Mayor Thomas M. Menino and other Boston officials have spent years
badgering universities to add dormitories to free up housing for
residents. Though many institutions have responded, adding more
than 6,000 beds between 1998 and 2004, unmet demand for dormitory
space in the city could be as high as 17,200 beds, according to
a Boston Redevelopment Authority study published last year.
Suffolk's initial proposal for the project would roughly double
the number of dormitory beds the university has for its 4,300 Boston
undergrads, said Pat Meservey, the university's provost and academic
vice president.
''We have limited housing for our students at this point, and we
feel that it is in both the students' and the city's best interest
to increase the number of beds we have available," Meservey
said.
After a competitive bidding process last spring, the state chose
Suffolk's proposal to redevelop 20 Somerset St., which until last
year housed the Metropolitan District Commission.
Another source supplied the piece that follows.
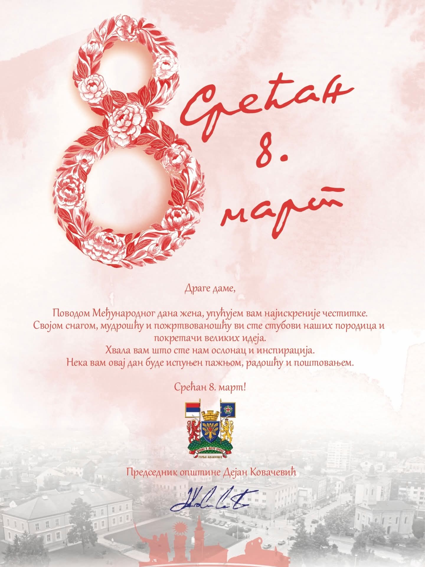 Predsednik opštine Dejan Kovačević uputio je čestitke svim Milanovčankama povodom Međunarodnog dana žena.

The development
team is now conducting engineering studies to determine whether
its plans would be feasible for the site. The scale of the tower
project, which would cost more than $100 million, remains uncertain
and would take several years to complete, Meservey said.
If a sale goes through in January, the university would still have
to secure approvals from the BRA, which will include opportunities
for public input.
Molly Sherden, vice president of government affairs for the Beacon
Hill Civic Association, said that she had not seen plans for the
project, but that she is concerned that it could threaten the Garden
of Peace. ''I know how valuable memorials are to people who have
lost loved ones for different reasons, and as I understand the project
currently, I think it would have a very significant negative impact
on the Garden of Peace," Sherden said.
A decade in the planning, the garden is on state land set aside
through legislation during the redevelopment of 100 Cambridge Street,
formerly the Saltonstall building, a state office building plagued
by environmental problems, Tobin said.
Families of homicide victims who have a connection to Massachusetts
can request to have their loved one's name inscribed on one of more
than 1,000 river rocks that together represent a dry riverbed; among
them are John F. Kennedy and Robert F. Kennedy. At one end of the
riverbed is a symbol of hope and rebirth: a cast bronze sculpture
of three ibis soaring skyward by Judy Kensley McKie, whose son was
stabbed to death in Cambridge in 1990.
Tobin said that she and others involved with the garden understand
the need for dormitories in Boston and have nothing against college
students. But she said they believe that the Suffolk project ought
to be located somewhere else and not only because of the noise and
hubbub it could create. The tower's landscape architect, she said,
believes that the structure could create wind effects and cast shadows
that would harm the garden's vegetation.
''They were very polite, but they gave us really no assurances
that we would have any input at all into the plan that they have,"
she said.
Meservey said the university would take every precaution to mitigate
the proposed tower's effect on the garden, including locating the
entrance on the opposite side of the building to limit student traffic
and offering landscaping to shelter it.